SOURCE MATERIAL:
- Opening Delimiter -
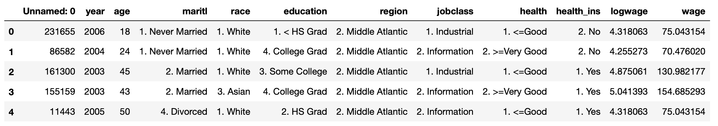실제 사례로 다음 미국 동부지역의 임금(wage)를 조사한 자료를 살펴보자. 원시 데이터는 ..csv 형태의 텍스트 파일인데, 데이터사이언스 분야에서 가장 많이 사용되고 있는 프로그래밍 언어인 Python의 Pandas 라는 데이터 관리 라이브러리를 통하면 간단하게 .csv 파일에서 데이터를 읽어서 테이블 형태로 변환하고 데이터분석을 준비하는 단계를 완료할 수 있다.
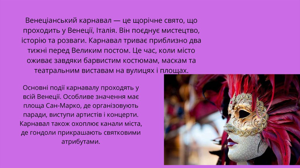 Венеціанський карнавал — це щорічне свято, щопроходить у Венеції, Італія. Він поєднує мистецтво,
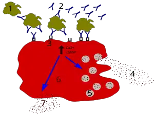 - lors d'une phase de sensibilisation, une immunoglobuline E (IgE) spécifique d'un allergène (pollen, aliment) va s'attacher à sa surface. Lors de l'exposition suivante à l'allergène, la « dégranulation » est provoqué par la liaison de l'IgE avec cet allergène spécifique. Le mécanisme de cette exocytose dépend principalement de l'augmentation de la concentration en Ca2+ cytosolique.
- Closing Delimiter -
WHAT THE TASK ASKS:
Each line from the one containing "Венеціанський карнавал —" through the last line of the data should be written out exactly. Skip the pictures, and add no other lines.

EXERCISE SOLUTION:
 Венеціанський карнавал — це щорічне свято, щопроходить у Венеції, Італія. Він поєднує мистецтво,
 - lors d'une phase de sensibilisation, une immunoglobuline E (IgE) spécifique d'un allergène (pollen, aliment) va s'attacher à sa surface. Lors de l'exposition suivante à l'allergène, la « dégranulation » est provoqué par la liaison de l'IgE avec cet allergène spécifique. Le mécanisme de cette exocytose dépend principalement de l'augmentation de la concentration en Ca2+ cytosolique.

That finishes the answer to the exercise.